Distribution function of a discrete random variable stepwise, it increases abruptly at those points, the probabilities of which have a positive sign.

Example: Find the expected value by the formula.

The distribution law completely characterizes the random variable. However, the distribution law is often unknown and one has to limit oneself to less information. Sometimes it is even more profitable to use numbers that describe a random variable in total, such numbers are called numerical characteristics random variable. The mathematical expectation is one of the important numerical characteristics.

The mathematical expectation, as will be shown below, is approximately equal to the average value of the random variable. To solve many problems, it is enough to know the mathematical expectation. For example, if it is known that the mathematical expectation of the number of points knocked out by the first shooter is greater than that of the second, then the first shooter, on average, knocks out more points than the second, and, therefore, shoots better than the second.

Definition 4.1: Mathematical expectation a discrete random variable is called the sum of the products of all its possible values ​​by their probabilities.

Let the random variable X can only take values x 1, x 2, ... x n, the probabilities of which are respectively equal p 1, p 2, ... p n. Then the expectation M (X) of a random variable X is defined by the equality

M (X) = x 1 p 1 + x 2 p 2 +… + x n p n.

If a discrete random variable X takes a countable set of possible values, then

,

moreover, the expectation exists if the series on the right-hand side of the equality converges absolutely.

Example. Find the expected number of occurrences of an event A in one trial, if the probability of an event A is equal to p.

Solution: Random value X- the number of occurrences of the event A has a Bernoulli distribution, therefore

Thus, the mathematical expectation of the number of occurrences of an event in one trial is equal to the probability of this event.

Probabilistic meaning of mathematical expectation

Let it be produced n tests in which the random variable X accepted m 1 times value x 1, m 2 times value x 2 ,…, m k times value x k, and m 1 + m 2 +… + m k = n... Then the sum of all values ​​taken X, is equal to x 1 m 1 + x 2 m 2 +… + x k m k .

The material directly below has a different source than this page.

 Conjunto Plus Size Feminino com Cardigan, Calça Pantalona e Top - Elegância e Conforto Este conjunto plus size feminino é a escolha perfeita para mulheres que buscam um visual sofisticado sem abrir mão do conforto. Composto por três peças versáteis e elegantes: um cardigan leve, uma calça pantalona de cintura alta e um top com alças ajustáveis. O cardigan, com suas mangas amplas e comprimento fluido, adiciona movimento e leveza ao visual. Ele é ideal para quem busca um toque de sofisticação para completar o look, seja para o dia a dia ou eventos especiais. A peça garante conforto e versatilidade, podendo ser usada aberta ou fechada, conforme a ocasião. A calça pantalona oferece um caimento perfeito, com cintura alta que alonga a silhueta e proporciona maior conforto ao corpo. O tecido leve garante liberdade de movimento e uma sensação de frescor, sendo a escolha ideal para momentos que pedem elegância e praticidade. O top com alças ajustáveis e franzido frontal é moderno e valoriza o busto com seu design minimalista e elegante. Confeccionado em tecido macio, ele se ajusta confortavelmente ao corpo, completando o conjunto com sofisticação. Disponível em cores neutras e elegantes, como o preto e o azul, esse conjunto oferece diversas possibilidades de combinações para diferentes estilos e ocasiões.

The arithmetic mean of all values ​​taken by a random variable will be

Attitude m i / n- relative frequency W i meaning x i approximately equal to the probability of the occurrence of the event p i, where , so

The probabilistic meaning of the obtained result is as follows: the mathematical expectation is approximately equal to(the more accurate, the greater the number of tests) the arithmetic mean of the observed values ​​of a random variable.

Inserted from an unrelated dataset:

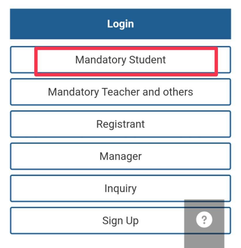 *If you are the first time entering the platform, then please select "Mandatory Student", and fill "Student ID Number" as your account & the last 5 digits of your Student ID Number as your password.*
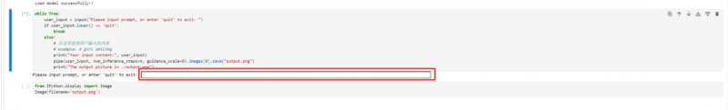 第四步,點(diǎn)擊shift+enter運(yùn)行,運(yùn)行完后在紅框處填寫(xiě)想生成的圖片文字描述,再點(diǎn)擊 shift+enter 運(yùn)行,就會(huì)出現(xiàn)針對(duì)描述所生成的圖片。

Mathematical expectation properties

Property1:The mathematical expectation of a constant is equal to the most constant

Property2:The constant factor can be taken out of the sign of the mathematical expectation

Definition 4.2: Two random variables are called independent, if the distribution law of one of them does not depend on what possible values ​​the other value has taken. Otherwise random variables are dependent.

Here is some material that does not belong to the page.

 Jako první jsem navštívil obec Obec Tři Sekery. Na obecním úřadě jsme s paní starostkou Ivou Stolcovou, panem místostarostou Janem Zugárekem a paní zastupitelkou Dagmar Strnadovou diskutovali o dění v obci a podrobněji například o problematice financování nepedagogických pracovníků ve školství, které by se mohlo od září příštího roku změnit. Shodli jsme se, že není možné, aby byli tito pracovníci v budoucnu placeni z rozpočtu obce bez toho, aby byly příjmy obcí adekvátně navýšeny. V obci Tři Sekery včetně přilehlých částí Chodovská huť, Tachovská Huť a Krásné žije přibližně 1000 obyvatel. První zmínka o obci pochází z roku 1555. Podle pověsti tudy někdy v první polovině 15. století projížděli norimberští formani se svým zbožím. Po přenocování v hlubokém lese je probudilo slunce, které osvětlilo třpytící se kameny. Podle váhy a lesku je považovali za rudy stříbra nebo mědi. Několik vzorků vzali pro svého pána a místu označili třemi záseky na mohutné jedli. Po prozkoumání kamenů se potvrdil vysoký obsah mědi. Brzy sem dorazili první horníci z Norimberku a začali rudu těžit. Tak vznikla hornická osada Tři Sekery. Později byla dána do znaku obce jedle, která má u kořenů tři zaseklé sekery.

Definition 4.3: Several random variables are called mutually independent, if the distribution laws of any number of them do not depend on the possible values ​​of the remaining quantities.

Property3:The mathematical expectation of the product of two independent random variables is equal to the product of their mathematical expectations.

Corollary:The mathematical expectation of the product of several mutually independent random variables is equal to the product of their mathematical expectations.

Property4:The mathematical expectation of the sum of two random variables is equal to the sum of their mathematical expectations.

Corollary:The mathematical expectation of the sum of several random variables is equal to the sum of their mathematical expectations.

Example. We calculate the mathematical expectation of a binomial random variable X - date of the event A in n experiments.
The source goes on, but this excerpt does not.